We know life only to the extent we are attentive to it. What is the depth of your attention, only to that extent do you experience life. If your attention is very profound, your experience of life is very profound. When your experience of life is very profound, it may find some expression in just the simple work that you are doing, or it may find expression in poetry, music, or whatever else.
What kind of expression you will find simply depends upon what sort of attention you have. Is your attention simply there for everything? Is it like a simple light bulb – if you turn it on, a light bulb’s light falls on everything – or do you attend to only a certain type? Most people can pay attention only to a certain thing that they think is of interest. What is worth your attention and what is not– this is a wrong way to look at life. The source of creation did not pay any less attention to creating an ant than creating a human being. When this is the nature of creation, who are you to decide what is worth paying attention to and what is not?
What Is the Inspiration Behind Sadhguru’s Creativity?
Question: When you are writing poetry or painting, what kind of mindset do you have?
Sadhguru: This may sound a little strange, but when I write poetry, I do not even read it the second time. I do not think of a particular concept. In some way, I drip poetry. That same thing may be becoming a painting in some form. Whether I am speaking, driving, teaching, writing, or painting, for me it is just about the same thing. Finding expression is not the word because if you want to express you must have some thought, idea, philosophy, or ideology. For me, it is more of a drip than an expression. I am always willing, but if the situation is willing, I will become a torrent, otherwise I will drip.
Sadhguru’s Perspective on Art
Question: Sadhguru do you distinguish between popular art and fine art? Do you think art has hierarchy at all?
Sadhguru: No, not at all. If at all if I have to make some kind of categorization of art, I would separate art coming from deep levels of frustration from art coming from joy.
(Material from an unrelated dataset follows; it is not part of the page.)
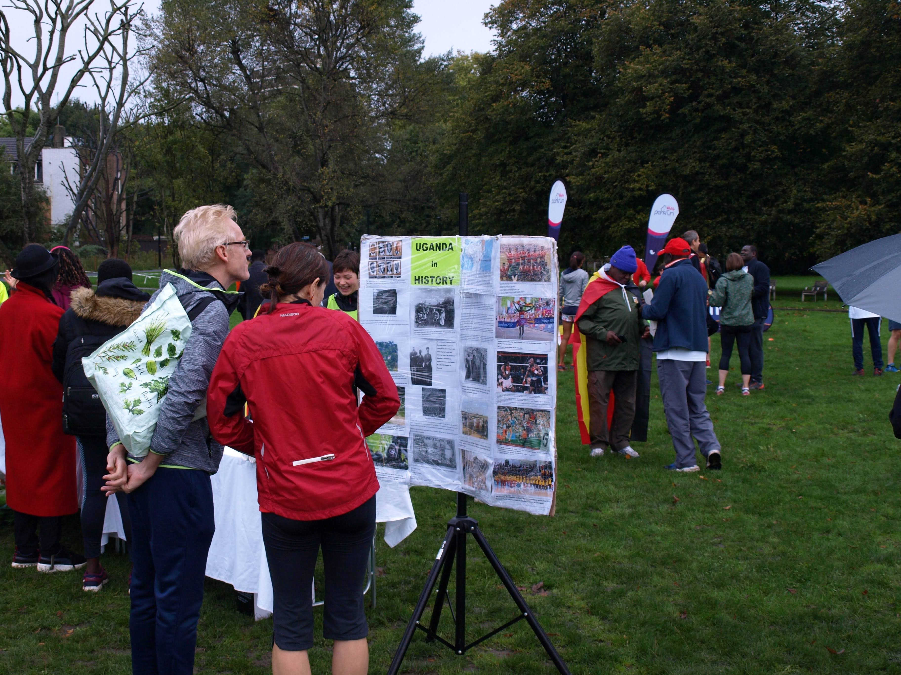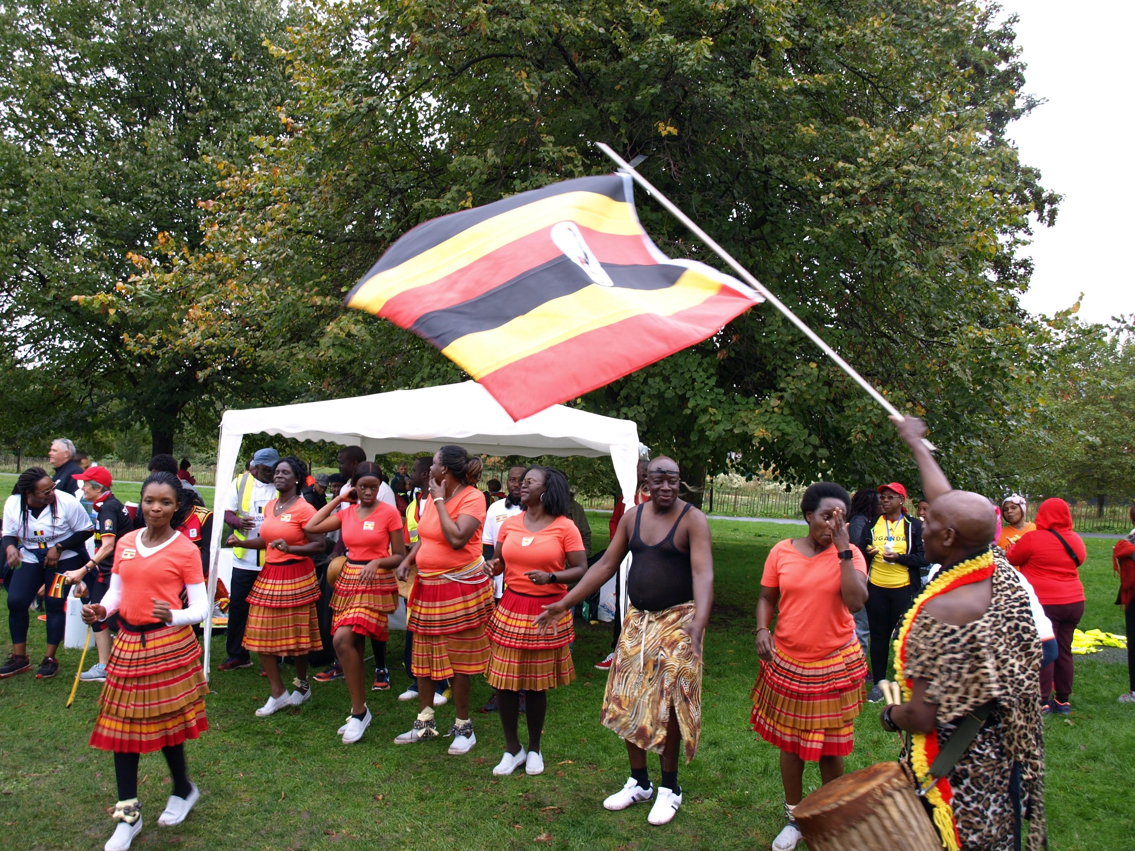 Перед стартом участники могли прочесть историю освобождения Уганды от колониального гнёта Великобритании (да, связь именно в этом). В 1962 году Великобритания предоставила Уганде полную независимость.Людей, которые имеют прямое отношение к празднику собралось весьма много. А поэтому и предстартовый брифинг проводился сразу на двух языках.Английском и Суахили (самый распространённый диалект в Уганде).Надо сказать, что этим праздником в Burgess parkrun чуть не побили собственный рекорд посещаемости. До 611 человек не хватило всего 3-х десятков участников.Зато те, кто был - выглядели очень и очень колоритно!Национальный танец перед стартом.Барабанщики на финише.Многие участники бежали с национальной атрибутикой: в праздничных футболках или с флагом.Замыкающие.Ну и, конечно, море угощений на финише (это же parkrun в конце концов).Большущий хоровод после всего этого (на самом деле один из национальных танцев Уганды).Вот таким в минувшую субботу получился День Независимости Уганды на одном из Лондонских паркранов.
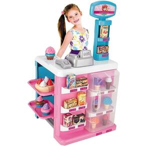 Especificações tecnicas da Confeitaria: - Bip e Luz - Cupcakes, bolo, sorvetes e caixinhas - Caixa registradora e dinheirinho - Geladeira com porta abre e fecha - Acompanham os acessórios da foto

This art coming from deep levels of suffering and frustration became the style of European art at a certain period of time, and the whole world is trying to imitate that now, which is a very negative thing, because when such things are always on your walls, slowly it will have an impact on you. If it cannot have any impact on you, it cannot be called art. It is capable of impacting you– in many ways, not just visually.
Unfortunately, the religions in the world have eulogized suffering. In the Yogic culture, we have always valued ananda, blissfulness, and ecstasy as the highest value. Suffering is not valued because we always saw suffering as self-created, whereas joy as not self-created. When you are connected with life, you are naturally blissful; when you are unconnected with life and become a mental mess, and then you have suffering and frustration. So I would like to categorize art in these two ways – art which comes from that deep level of frustration and suffering, and art which comes from a joyful expression of life.